# AIM OF THE TASK
Write out the records that appear below, verbatim and complete, but without pictures.
───
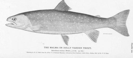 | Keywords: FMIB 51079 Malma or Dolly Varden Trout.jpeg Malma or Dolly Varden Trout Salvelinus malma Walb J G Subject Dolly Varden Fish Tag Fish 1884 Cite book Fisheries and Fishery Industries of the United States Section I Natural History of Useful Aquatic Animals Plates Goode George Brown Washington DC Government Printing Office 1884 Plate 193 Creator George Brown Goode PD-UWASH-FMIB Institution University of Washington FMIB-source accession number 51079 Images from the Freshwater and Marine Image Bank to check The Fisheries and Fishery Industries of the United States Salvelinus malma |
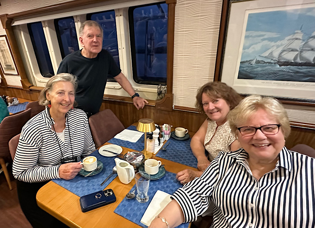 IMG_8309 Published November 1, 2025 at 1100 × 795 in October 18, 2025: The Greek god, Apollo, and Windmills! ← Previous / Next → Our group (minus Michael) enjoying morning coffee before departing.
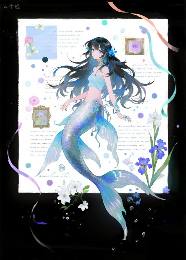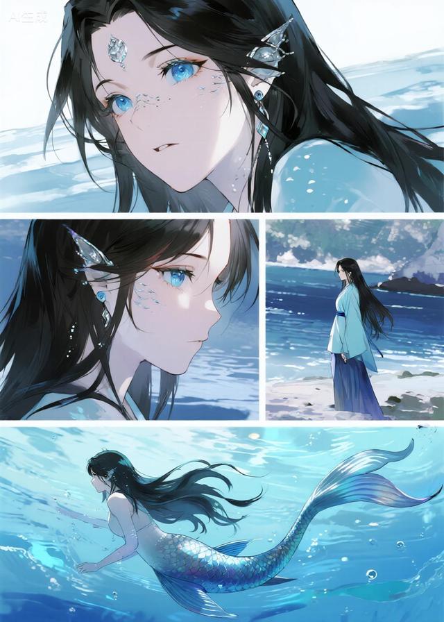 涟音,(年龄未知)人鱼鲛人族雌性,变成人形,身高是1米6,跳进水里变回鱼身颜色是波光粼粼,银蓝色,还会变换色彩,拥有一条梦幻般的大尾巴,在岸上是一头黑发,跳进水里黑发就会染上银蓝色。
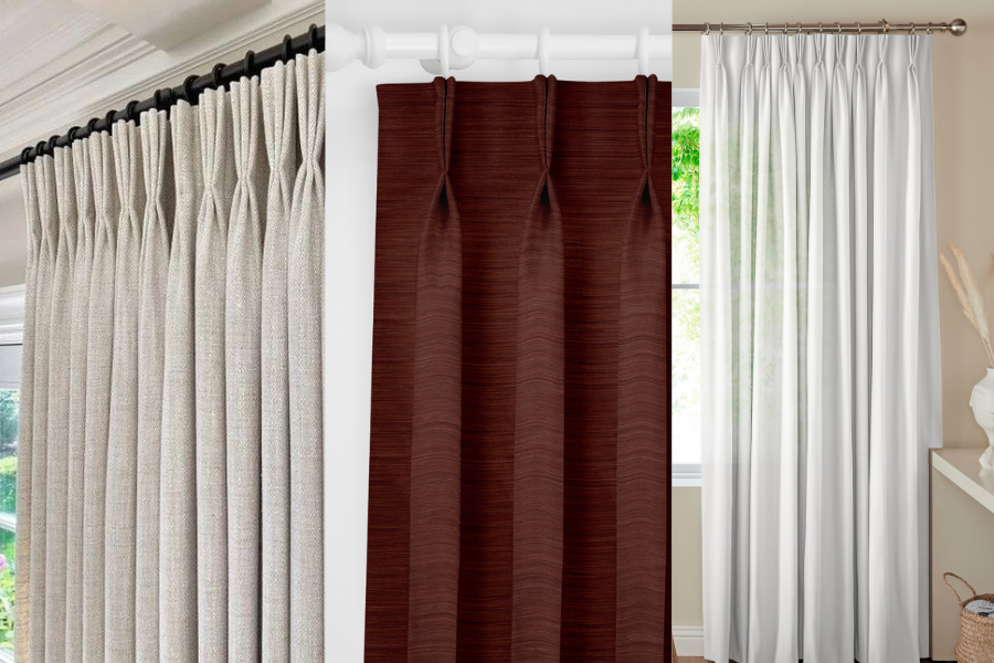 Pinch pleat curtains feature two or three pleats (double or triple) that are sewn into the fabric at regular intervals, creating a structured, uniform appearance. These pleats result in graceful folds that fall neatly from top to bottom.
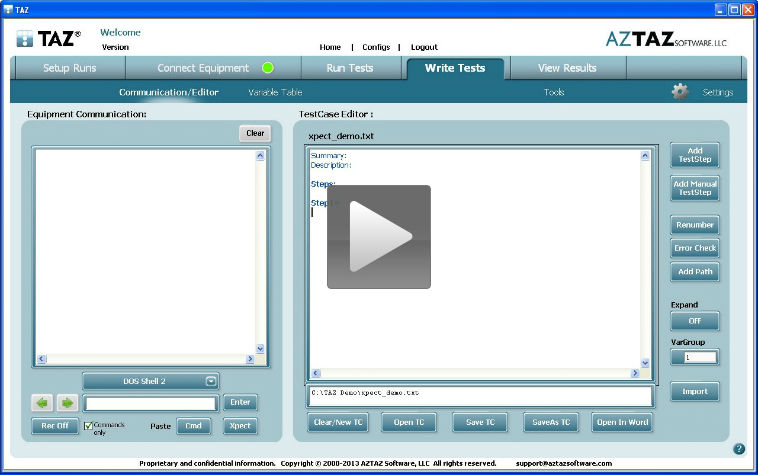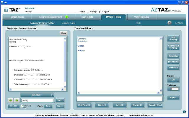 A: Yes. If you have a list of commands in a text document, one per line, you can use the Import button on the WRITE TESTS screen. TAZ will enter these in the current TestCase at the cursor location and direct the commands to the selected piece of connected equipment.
───
# RESULT BELOW
 | Keywords: FMIB 51079 Malma or Dolly Varden Trout.jpeg Malma or Dolly Varden Trout Salvelinus malma Walb J G Subject Dolly Varden Fish Tag Fish 1884 Cite book Fisheries and Fishery Industries of the United States Section I Natural History of Useful Aquatic Animals Plates Goode George Brown Washington DC Government Printing Office 1884 Plate 193 Creator George Brown Goode PD-UWASH-FMIB Institution University of Washington FMIB-source accession number 51079 Images from the Freshwater and Marine Image Bank to check The Fisheries and Fishery Industries of the United States Salvelinus malma |
 IMG_8309 Published November 1, 2025 at 1100 × 795 in October 18, 2025: The Greek god, Apollo, and Windmills! ← Previous / Next → Our group (minus Michael) enjoying morning coffee before departing.
 涟音,(年龄未知)人鱼鲛人族雌性,变成人形,身高是1米6,跳进水里变回鱼身颜色是波光粼粼,银蓝色,还会变换色彩,拥有一条梦幻般的大尾巴,在岸上是一头黑发,跳进水里黑发就会染上银蓝色。
 Pinch pleat curtains feature two or three pleats (double or triple) that are sewn into the fabric at regular intervals, creating a structured, uniform appearance. These pleats result in graceful folds that fall neatly from top to bottom.
 A: Yes. If you have a list of commands in a text document, one per line, you can use the Import button on the WRITE TESTS screen. TAZ will enter these in the current TestCase at the cursor location and direct the commands to the selected piece of connected equipment.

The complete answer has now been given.